Figure 3 shows current management algorithms for E/T and RP/V sarcoma at our institution. These treatment strategies are based on our analysis of prognostic factors and the selection of patients at high risk for recurrence who are treated with multi-modality therapy. The 5 year disease specific survival in all patients treated at MSKCC from 1982–1998 (n = 3796) is 67% for E/T lesions and 38% for RP/V sarcoma.

Figure 3

Treatment algorithm for STS at MSKCC.

Adjuvant chemotherapy for STS remains investigational as several randomized clinical trials have been unable to show a consistent benefit. Table III summarizes the previously conducted randomized trials all of which have tested doxorubicin based regimens. The Sarcoma Meta-analysis Collaboration recently published a meta-analysis of all randomized trials (published and unpublished) of doxorubicin-based adjuvant therapy for STS (6). This study showed a marginally improved local recurrence-free survival and distant recurrence-free survival in the treated group, but no statistically significant improvement in overall survival. In addition, a large single institution retrospective comparison of pre-operative vs. post-operative doxorubicin based chemotherapy showed no difference in local recurrence free survival, disease-specific survival or overall survival (14). Based on these results adjuvant chemotherapy for soft tissue sarcoma should be considered experimental and delivered in the context of a clinical trial.

Table III

Prospective randomized trials of adjuvant chemotherapy vs. observation in extremity STS.

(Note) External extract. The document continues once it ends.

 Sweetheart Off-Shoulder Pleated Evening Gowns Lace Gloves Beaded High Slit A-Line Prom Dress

Hyperthermic isolated limb perfusion (HILP) is an investigational technique that has been used in a subset of patients with extremity STS. This method has been used mainly for patients with advanced local disease or in transit extremity metastases in order to attempt limb salvage in these patients who would otherwise require amputation. The largest experience in this technique is reported in a multicenter phase-II-trial in which 55 patients were treated with HILP using high dose tumor necrosis factor-α, interferon-γ and melphalan (15). A limb salvage rate of 85% is reported in this study with a complete pathologic response seen in 36%.

Treatment of local recurrence

The management of local recurrence can be problematic and treatment must be individualized depending on the previous treatment received and the anatomic site of local recurrence. For patients with isolated local recurrence of E/T lesions, re-resection is usually warranted and longterm limb salvage rates of 67% have been reported after re-resection of E/T recurrences (16). The incidence of LR is much higher for patients with RP/V primaries, mainly due to the large size of these tumors and the inability to deliver adequate adjuvant radiation therapy to the post-resection tumor bed.

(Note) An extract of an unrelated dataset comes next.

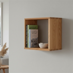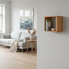 Kvadratisk vægkasse til udstilling af pyntegenstande fra vores egen serie Lake der er lavet i massivt olieret egetræ med tapsamlinger. Brug kassen i stue, værelse eller køkken til display af dine skatte.
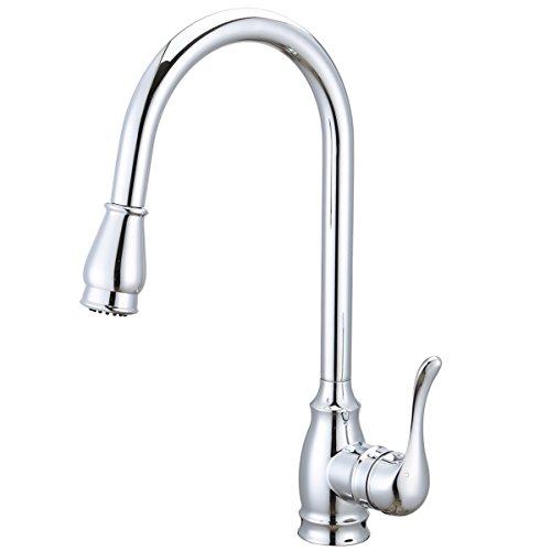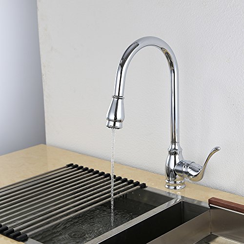 Kitchen Sink Faucet Fixtures Contemporary Design Single Handle Solid Brass Pull Down Mixer Taps Chrome Polished

In a series from our institution of 231 patients who underwent resection for primary retroperitoneal sarcoma, 41% had developed local recurrence by 5 years. Subsequent survival is strongly associated with complete re-resection, and the 5 year DSS after complete gross re-resection is similar to that after primary resection. In patients who had incomplete resection of their RP local recurrence, no benefit in survival was seen when compared with unresectable patients who were treated with observation alone. Excluding palliative resection for patients with symptomatic local recurrence, re-operation should be considered only when complete gross resection is possible (3).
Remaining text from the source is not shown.